**PROBLEM TO SOLVE**
Nothing after the line with "Conjunto de traje" belongs in the copy; extract the lines below from the top through that line, pictures left out.

**COLLECTED DATA**
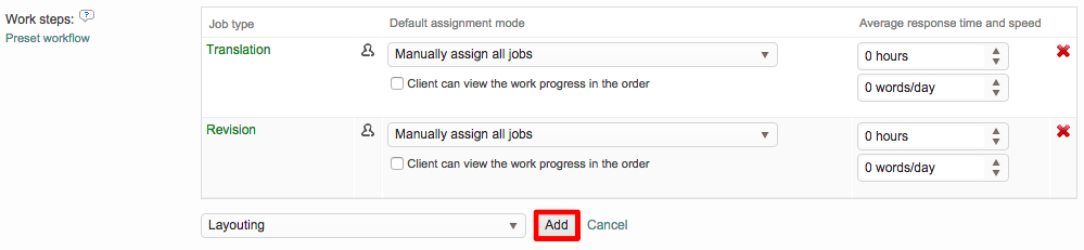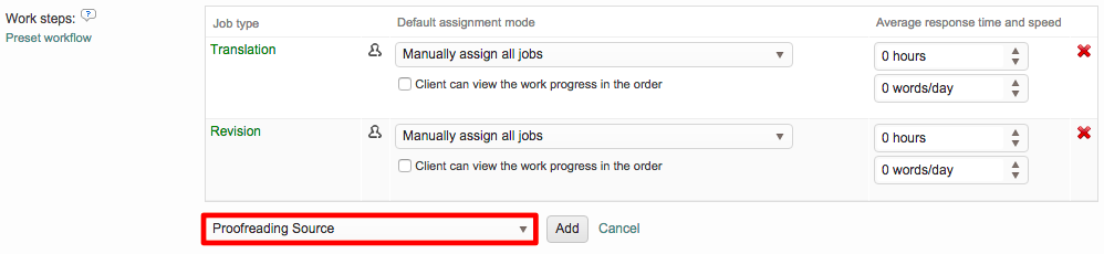 In the example below, the Translation + Revision + Proofreading preset workflow has been chosen:
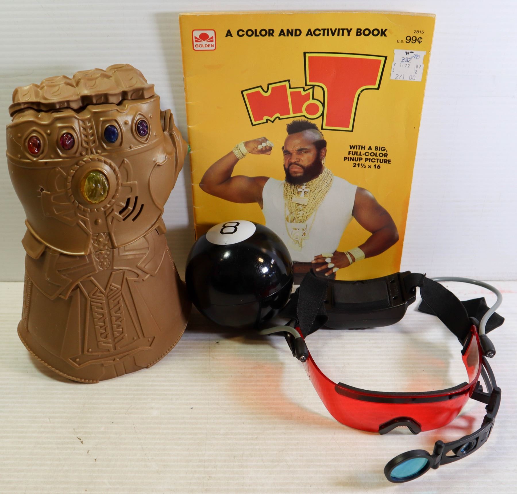 THANOS GLOVE, CYBORG GOGGLES& MR.T & MAGIC 8 BALL
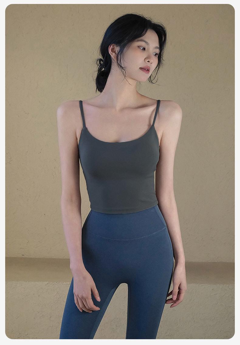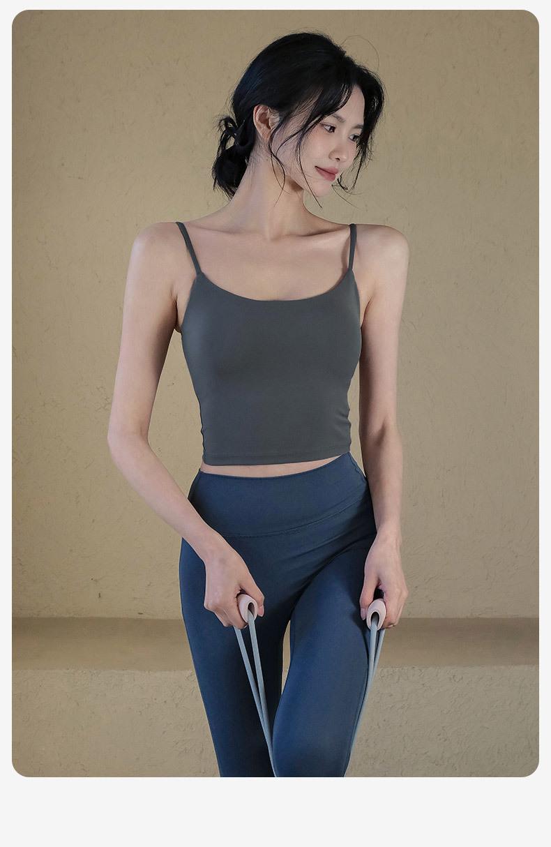 Conjunto de traje de yoga para mujer, ropa exterior con almohadilla en el pecho, a prueba de golpes, secado rápido, top deportivo tipo chaleco, entrenamiento de Pilates, fitness, pantalones largos
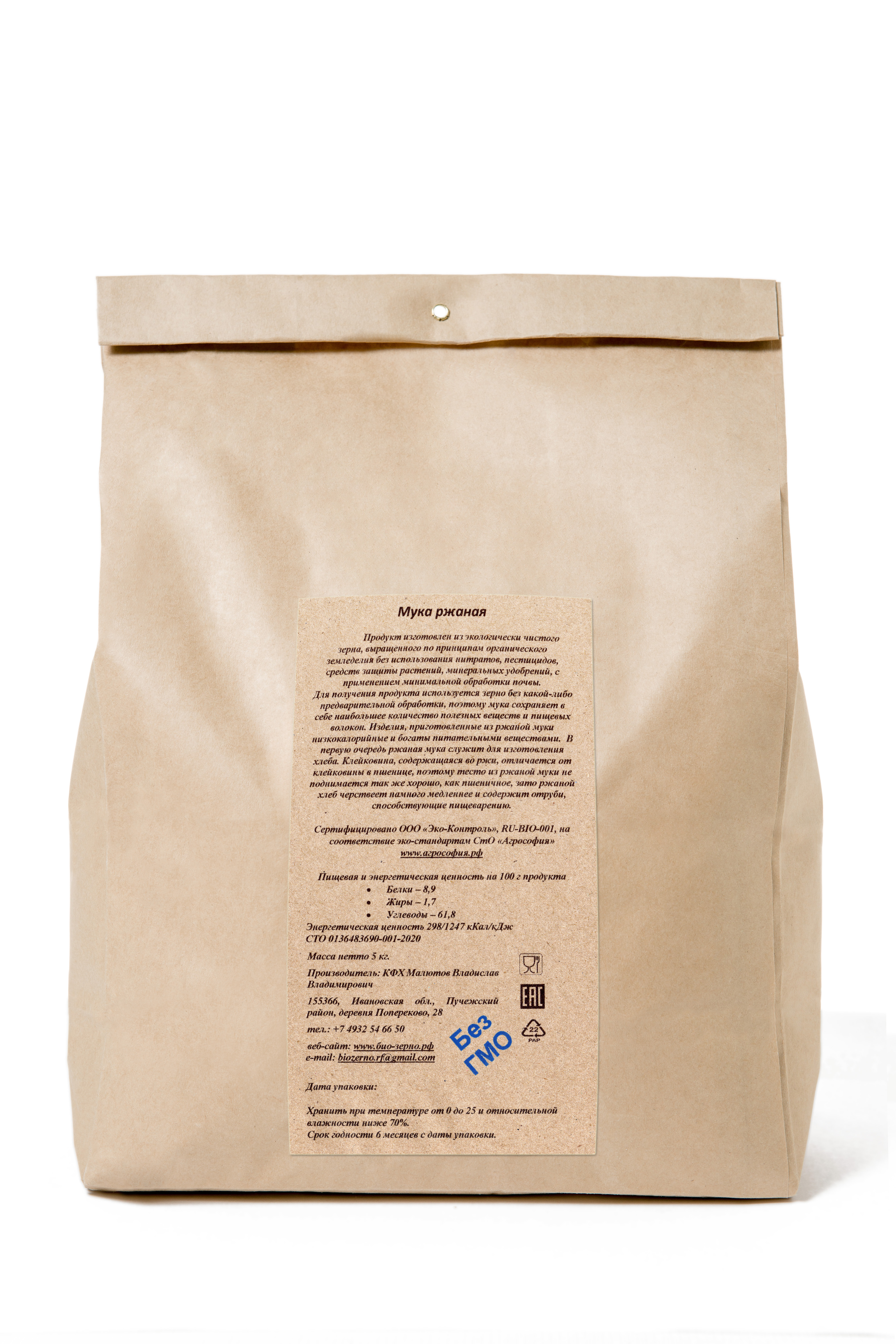 Продукт изготовлен из экологически чистого зерна, выращенного по принципам органического земледелия без использования нитратов, пестицидов, средств защиты растений, минеральных удобрений с применением минимальной обработки почвы. Сертифицировано ООО "Эко-Контроль", RU-BIO-001, на соответствие эко-стандартам СтО "Агрософия"

**REPLY**
 In the example below, the Translation + Revision + Proofreading preset workflow has been chosen:
 THANOS GLOVE, CYBORG GOGGLES& MR.T & MAGIC 8 BALL
 Conjunto de traje de yoga para mujer, ropa exterior con almohadilla en el pecho, a prueba de golpes, secado rápido, top deportivo tipo chaleco, entrenamiento de Pilates, fitness, pantalones largos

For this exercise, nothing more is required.